That error is related to McAfee, you may need to uninstall and re-install McAfee.


How is everything running??


----------



## blue shepherd (Jul 8, 2007)

it looks like everything is running fine, but i still can't connect to the internet..
is my laptop clean? thanks again.


----------



## sjpritch25 (Sep 8, 2005)

Lets try this
Right-click on your *My Computer* icon on your Desktop
Click on *Properties*
System Information should appear and click on the *Hardware* Tab
Click on the *Device Manager* tab
Click on your *+* next to your *Network Adapter*
Right click on it and choose *Uninstall*
Reboot your PC
Windows will re-install the device. Hopefully that will work. 

I am going to ask around and see if any of our tools will work in Windows 2000.


----------



## blue shepherd (Jul 8, 2007)

whoo-hoo! i'm back online through the router! thank you SO much for all your help.
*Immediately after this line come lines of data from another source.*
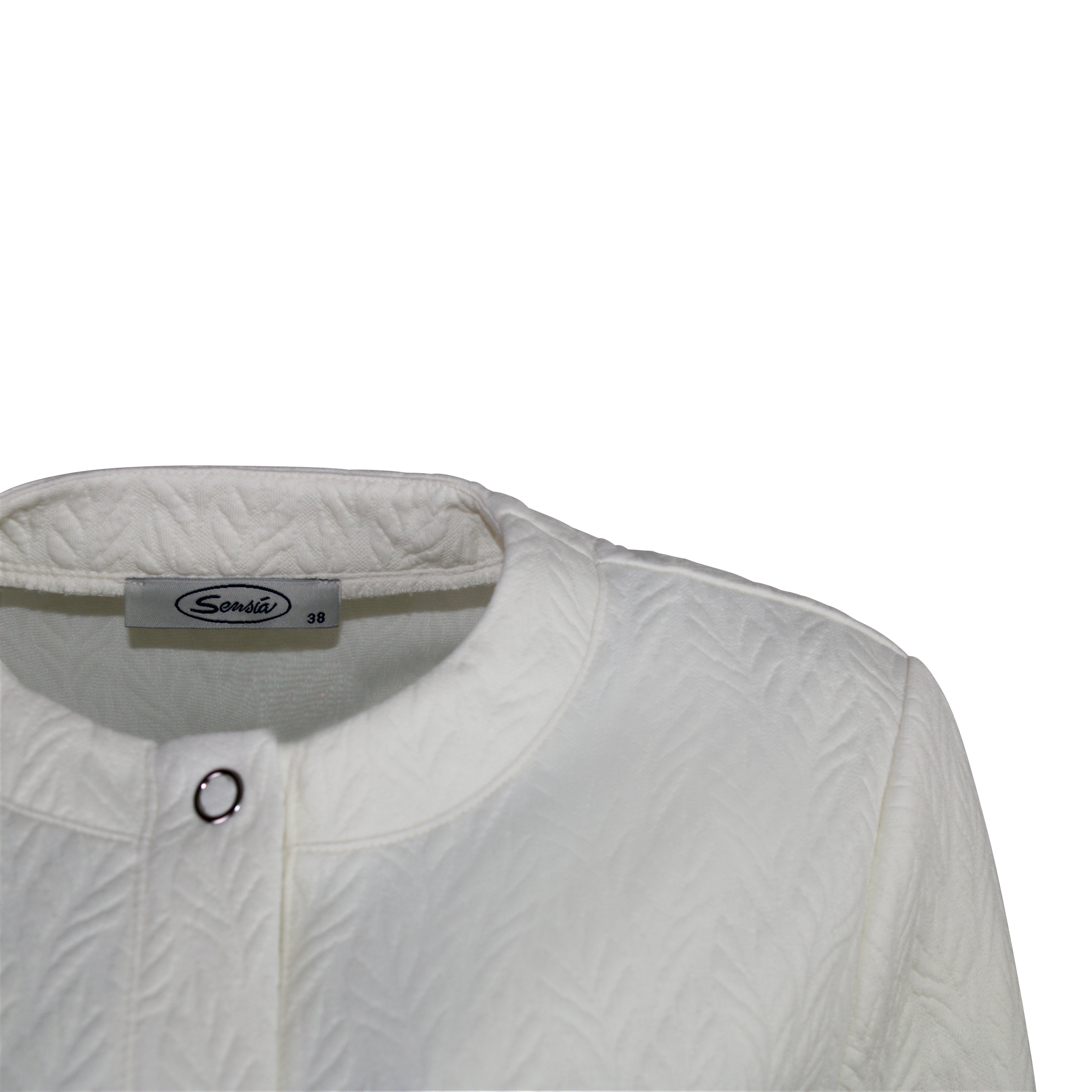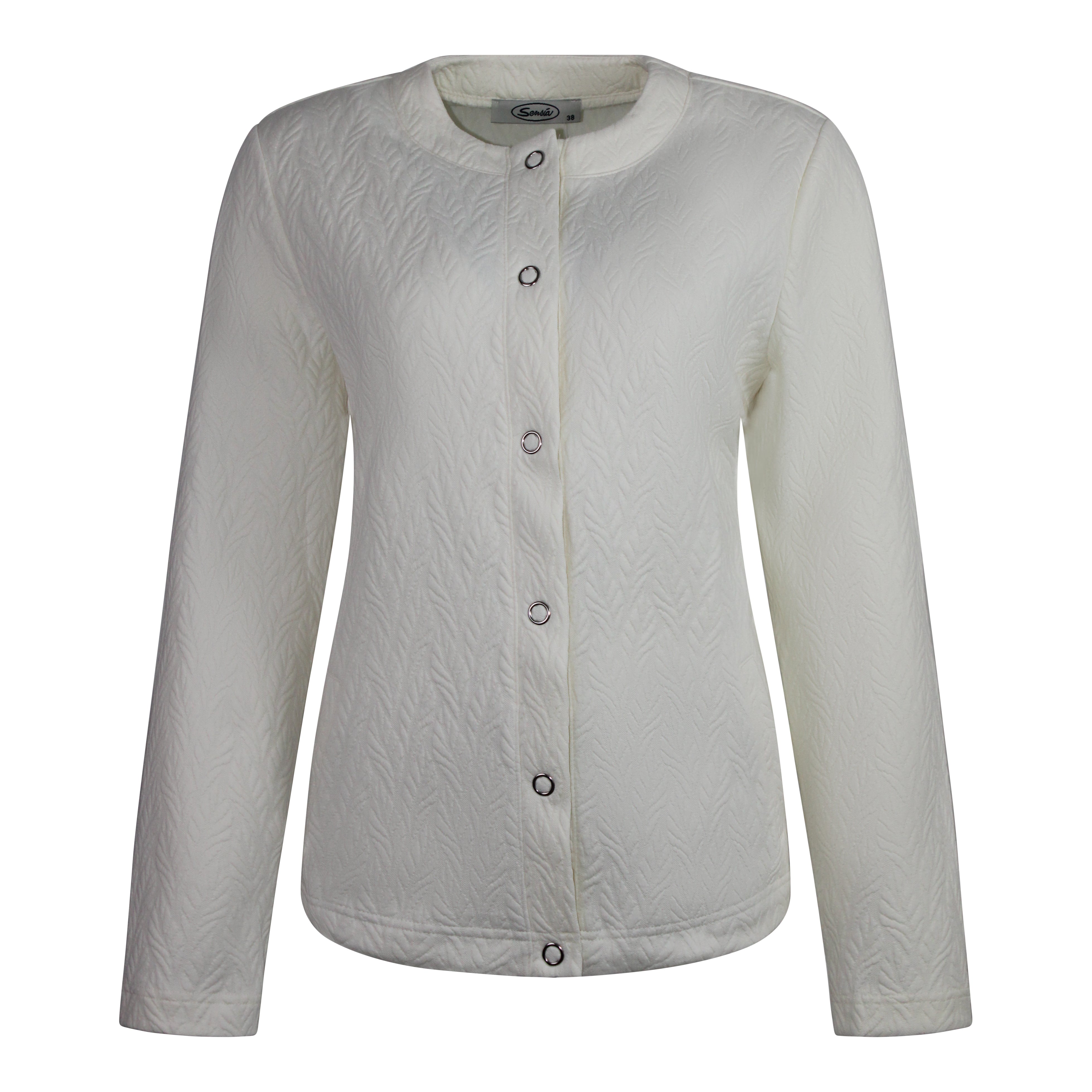 Uni vestjasje met verfijnd bladmotief structuur, ronde halslijn en drukknoopsluiting. Comfortabel, makkelijk te combineren en onmisbaar in je garderobe
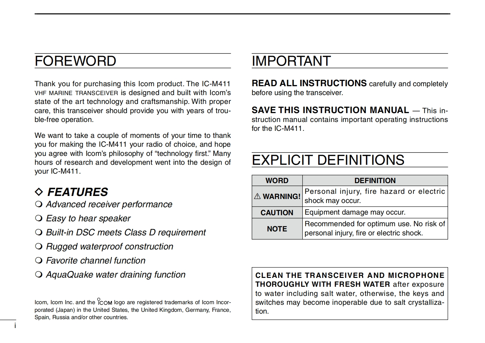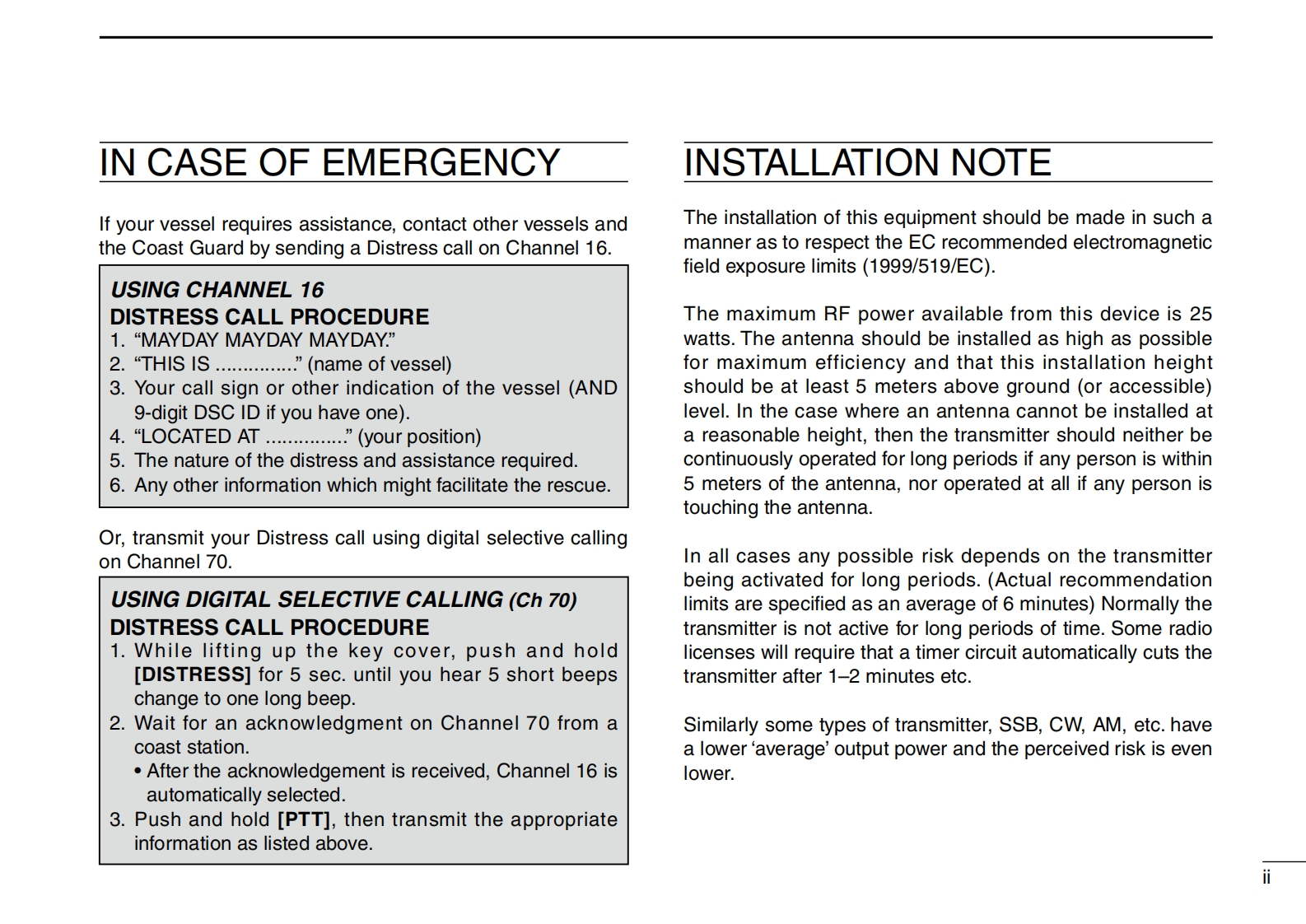 IC-M411_Manual操作说明书手册找手册网32天前发布关注私信3.88MB64页029IC-M411_Manual操作说明书手册此内容为付费资源,请付费后查看¥19¥21黄金会员免费钻石会员免费登录购买付费资源 第1页 / 共64页 第2页 / 共64页 第3页 / 共64页 第4页 / 共64页 第5页 / 共64页 第6页 / 共64页 第7页 / 共64页 第8页 / 共64页 第9页 / 共64页 第10页 / 共64页 试读已结束,还剩54页,您可下载完整版后进行离线阅读 THE END艾可慕 文本预览 INSTRUCTION MANUALVHF MARINE TRANSCEIVERIC-M4T1VHF MARINE IC-M411VOLCALLINGTAGCDUALMMSI16CHMENUGRPTAGDISTRESSSCANCLRENTIcom Inc. 查看更多 收起部分 喜欢就支持一下吧收藏
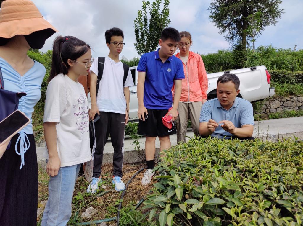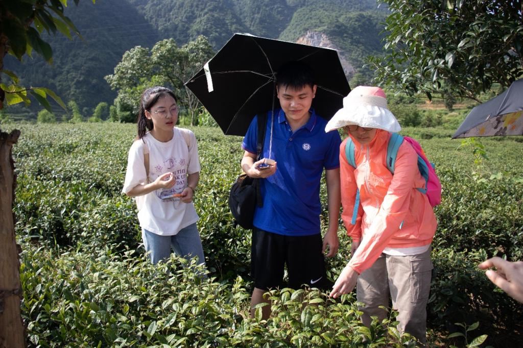7月8日9:30,在李江书记的带领下,实践团队前往了新院村茶叶基地及茶叶厂进行实地参观和调研。云雾飘绕青山间,致富银花漫山开,秀山毛尖芳香溢,听村支书讲解茶叶种植,拜访创业先锋杨益茶叶厂,品一品老树红茶,口齿留香,听一听茶叶介绍,受益匪浅。他们的创业史和奋斗史,让大家不仅体会到党和政府为发展经济所提供的切实举措,还有创新创业的艰辛与不易。团队成员还积极思索利用语言优势,拓展隘口茶叶的国际销售渠道,助力乡村农产品走出国门走向世界。

i will be DELIGHTED to make a donation to you tech guys.

is there anything else you would suggest for maintenance? i still can't believe it -- 

you are a magician!!


----------



## sjpritch25 (Sep 8, 2005)

Glad you are back online!!
You have weatherbug installed, it does cause popups, but it being adware is 50/50. There is a Desktop Weather app from the Weather Channel that is totally ad-free. Here is the link Desktop Weather, this is the one i recommend using.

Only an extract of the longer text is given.